(Stored data)
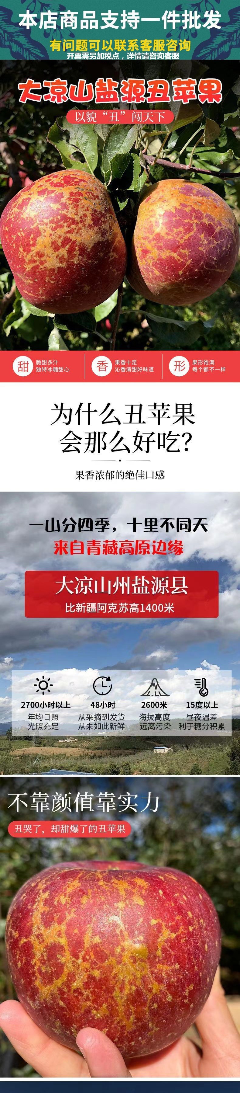 四川大凉山丑苹果冰糖心新鲜水果当季整箱10斤盐源红富士整箱批发
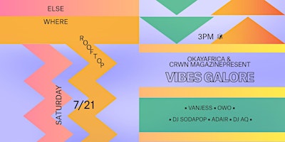 OkayAfrica and CRWN magazine present: Vibes Galore! Come party with us after #CurlFest on the rooftop at Elsewhere this July 21st at 3:00 PM for some summertime fun. The day party will feature performances by the amazing musical duo, VanJess, known for their sultry nineties inspired r&b music, and OWO, who is known for her soulful blend of afro, electro and r&b sounds. Vibes provided by DJs Sodapop, ADAIR and AQ will keep you moving all night long! Join us and enjoy a day of dancing, drinks, and black flyness!Performances: └ VanJess└└ OWODJs: └DJ Sodapop└└ ADAIR└└└ DJ AQ
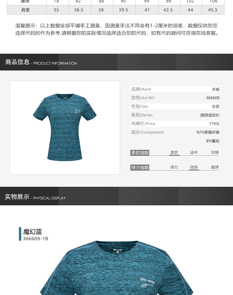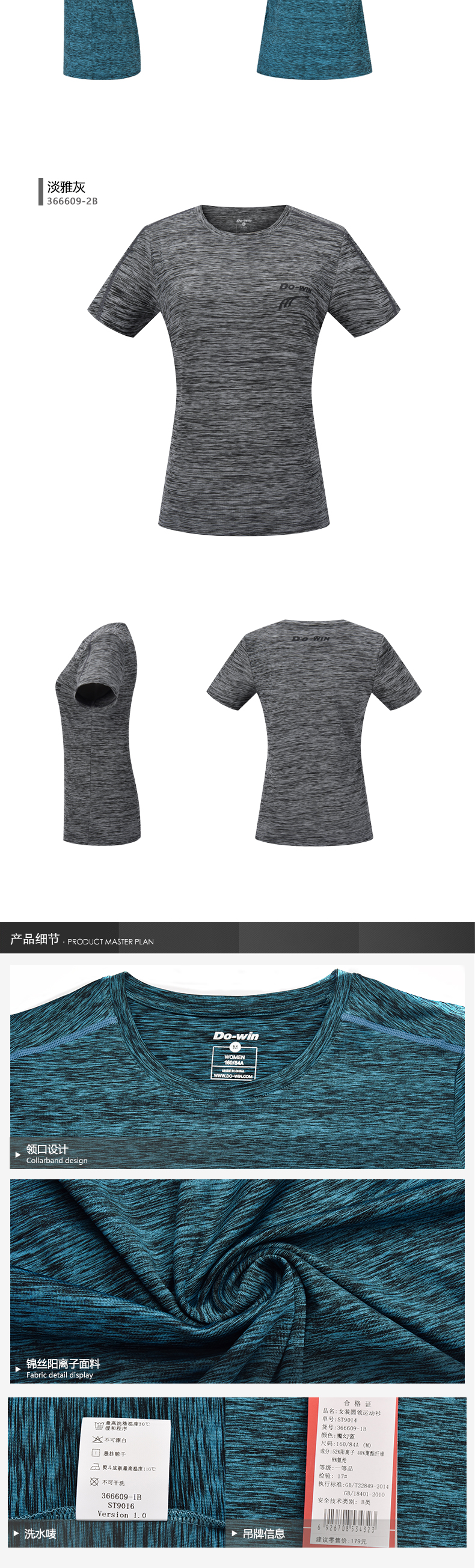 多威dowin运动T恤女圆领衫女士健身跑步短袖透气运动服366609
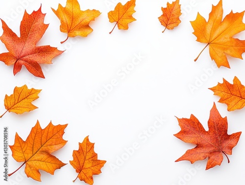 Autumn leaves in vibrant orange hues arranged in a circular pattern on white
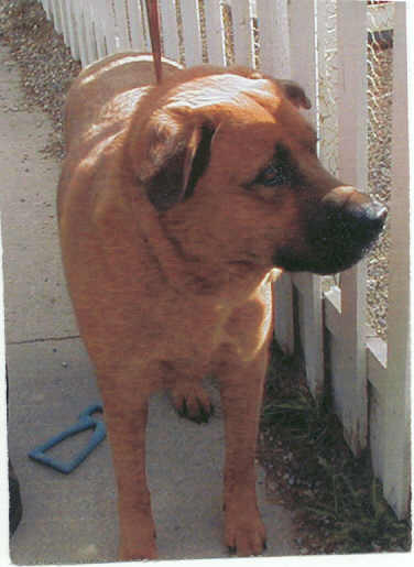 NAME: Dreyfus BREED: St. Bernard/Shepherd mix? GENDER: Male (Neutered) AGE: 2 - 3 yro WEIGHT: 130# COLOR: Brown w/black muzzle RESCUED: from Genesse County Humane Society. He was an owner give up due to babies allergies. PERSONALITY: Very good natured dog. SPECIAL NEEDS: None. Up to date on all vaccinations. **UPDATE: - |
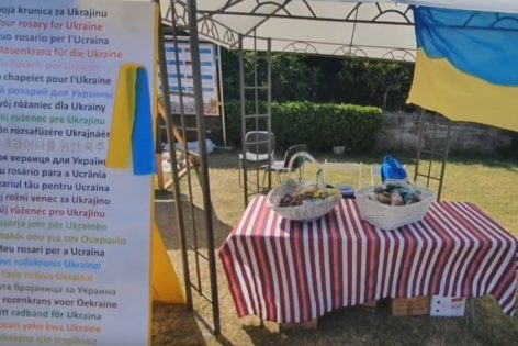 近年来,我们有一个「为和平的玫瑰念珠」行动,你可以奉献自己的玫瑰念珠,把它放在我左边草地上的篮子里。这些玫瑰念珠被送往乌克兰以及其他受战争影响的国家,那些地方的人们看到的出路很少、解决办法不多,但他们知道,有天主,他们就能成就一切。
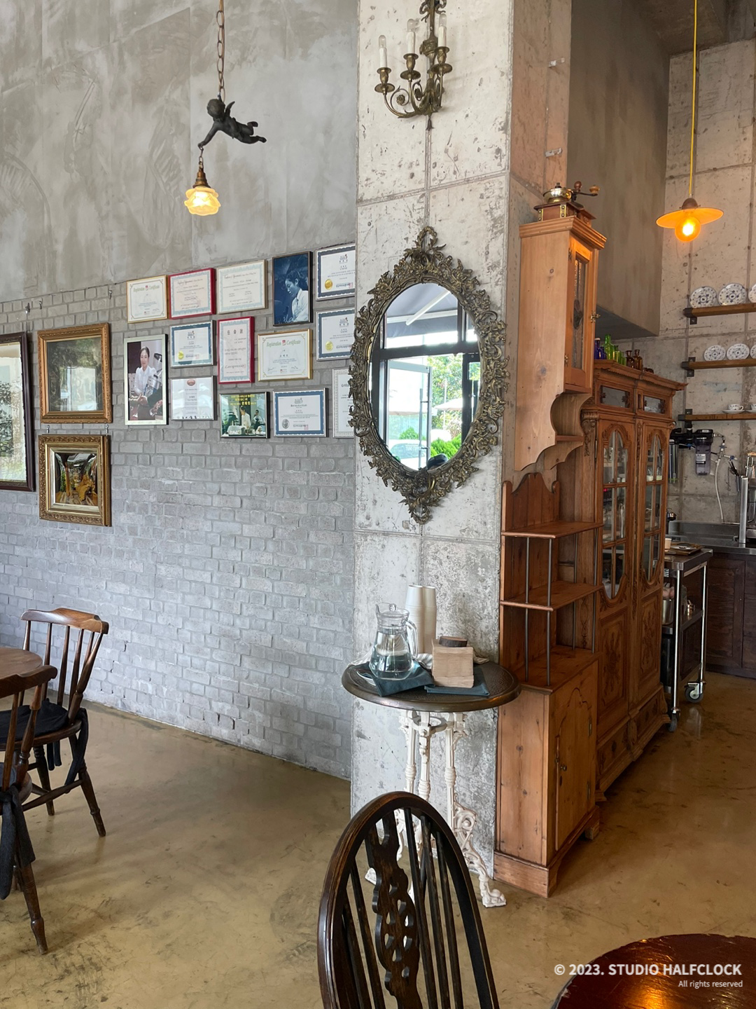 카페 내부에는 다양한 앤틱 가구들과 접시들이 있었다. 깨지기 쉽고 고가의 인테리어들이라서 노키즈존으로 결정하게 된듯 합니다. 접시를 전시해놓은 인테리어도 볼만했고 앤틱가구들을 보는 재미가 있었습니다. 앤틱한 거울과 조명들도 노출콘크리트와 잘 어울렸고 그 옆에는 커피 자격증과 상장들이 액자에 걸려있었다. 커피에 진심인 카페.
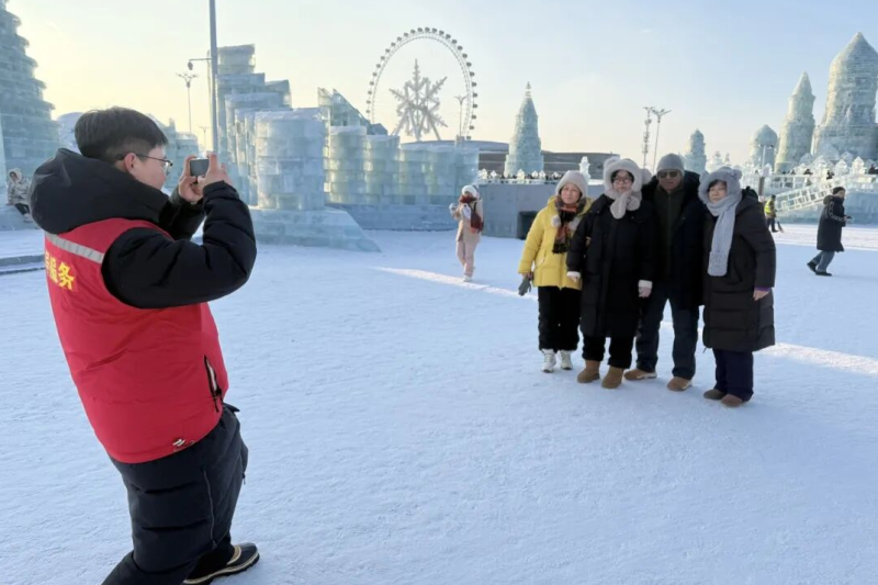 在哈尔滨冰雪大世界园区,总会有一抹红,适时出现在需要帮助的游客身边,为游客指引路线、找寻失物、拍照合影,他们用专业为游客做出最快的选择,用耐心解答每位游客的疑问,用笑容感染每一位冰雪来客。

### Task prompt
Word for word, print out all of the records above; pass over the pictures.

### Exercise output
 四川大凉山丑苹果冰糖心新鲜水果当季整箱10斤盐源红富士整箱批发
 OkayAfrica and CRWN magazine present: Vibes Galore! Come party with us after #CurlFest on the rooftop at Elsewhere this July 21st at 3:00 PM for some summertime fun. The day party will feature performances by the amazing musical duo, VanJess, known for their sultry nineties inspired r&b music, and OWO, who is known for her soulful blend of afro, electro and r&b sounds. Vibes provided by DJs Sodapop, ADAIR and AQ will keep you moving all night long! Join us and enjoy a day of dancing, drinks, and black flyness!Performances: └ VanJess└└ OWODJs: └DJ Sodapop└└ ADAIR└└└ DJ AQ
 多威dowin运动T恤女圆领衫女士健身跑步短袖透气运动服366609
 Autumn leaves in vibrant orange hues arranged in a circular pattern on white
 NAME: Dreyfus BREED: St. Bernard/Shepherd mix? GENDER: Male (Neutered) AGE: 2 - 3 yro WEIGHT: 130# COLOR: Brown w/black muzzle RESCUED: from Genesse County Humane Society. He was an owner give up due to babies allergies. PERSONALITY: Very good natured dog. SPECIAL NEEDS: None. Up to date on all vaccinations. **UPDATE: - |
 近年来,我们有一个「为和平的玫瑰念珠」行动,你可以奉献自己的玫瑰念珠,把它放在我左边草地上的篮子里。这些玫瑰念珠被送往乌克兰以及其他受战争影响的国家,那些地方的人们看到的出路很少、解决办法不多,但他们知道,有天主,他们就能成就一切。
 카페 내부에는 다양한 앤틱 가구들과 접시들이 있었다. 깨지기 쉽고 고가의 인테리어들이라서 노키즈존으로 결정하게 된듯 합니다. 접시를 전시해놓은 인테리어도 볼만했고 앤틱가구들을 보는 재미가 있었습니다. 앤틱한 거울과 조명들도 노출콘크리트와 잘 어울렸고 그 옆에는 커피 자격증과 상장들이 액자에 걸려있었다. 커피에 진심인 카페.
 在哈尔滨冰雪大世界园区,总会有一抹红,适时出现在需要帮助的游客身边,为游客指引路线、找寻失物、拍照合影,他们用专业为游客做出最快的选择,用耐心解答每位游客的疑问,用笑容感染每一位冰雪来客。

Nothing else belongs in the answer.